[[ Recorded data, beginning ]]

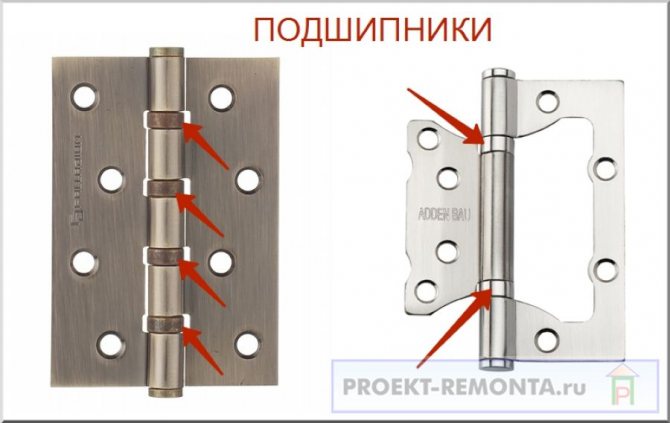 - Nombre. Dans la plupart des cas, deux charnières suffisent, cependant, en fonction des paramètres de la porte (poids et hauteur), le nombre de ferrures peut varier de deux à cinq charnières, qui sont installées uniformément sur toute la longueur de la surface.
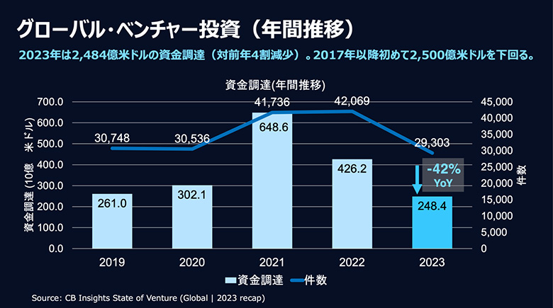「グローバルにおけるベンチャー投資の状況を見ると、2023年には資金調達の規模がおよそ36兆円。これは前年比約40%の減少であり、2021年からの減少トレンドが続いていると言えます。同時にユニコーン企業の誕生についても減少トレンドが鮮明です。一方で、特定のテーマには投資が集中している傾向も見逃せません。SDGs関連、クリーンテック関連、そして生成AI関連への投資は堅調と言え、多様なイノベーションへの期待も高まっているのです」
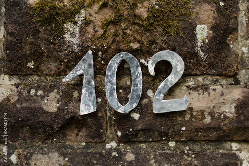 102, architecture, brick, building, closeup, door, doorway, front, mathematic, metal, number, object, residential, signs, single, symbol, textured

[[ Recorded data, end ]]

• Directions for this task:
Without the pictures, print the whole listing exactly as given.

• Result of this task:
 - Nombre. Dans la plupart des cas, deux charnières suffisent, cependant, en fonction des paramètres de la porte (poids et hauteur), le nombre de ferrures peut varier de deux à cinq charnières, qui sont installées uniformément sur toute la longueur de la surface.
「グローバルにおけるベンチャー投資の状況を見ると、2023年には資金調達の規模がおよそ36兆円。これは前年比約40%の減少であり、2021年からの減少トレンドが続いていると言えます。同時にユニコーン企業の誕生についても減少トレンドが鮮明です。一方で、特定のテーマには投資が集中している傾向も見逃せません。SDGs関連、クリーンテック関連、そして生成AI関連への投資は堅調と言え、多様なイノベーションへの期待も高まっているのです」
 102, architecture, brick, building, closeup, door, doorway, front, mathematic, metal, number, object, residential, signs, single, symbol, textured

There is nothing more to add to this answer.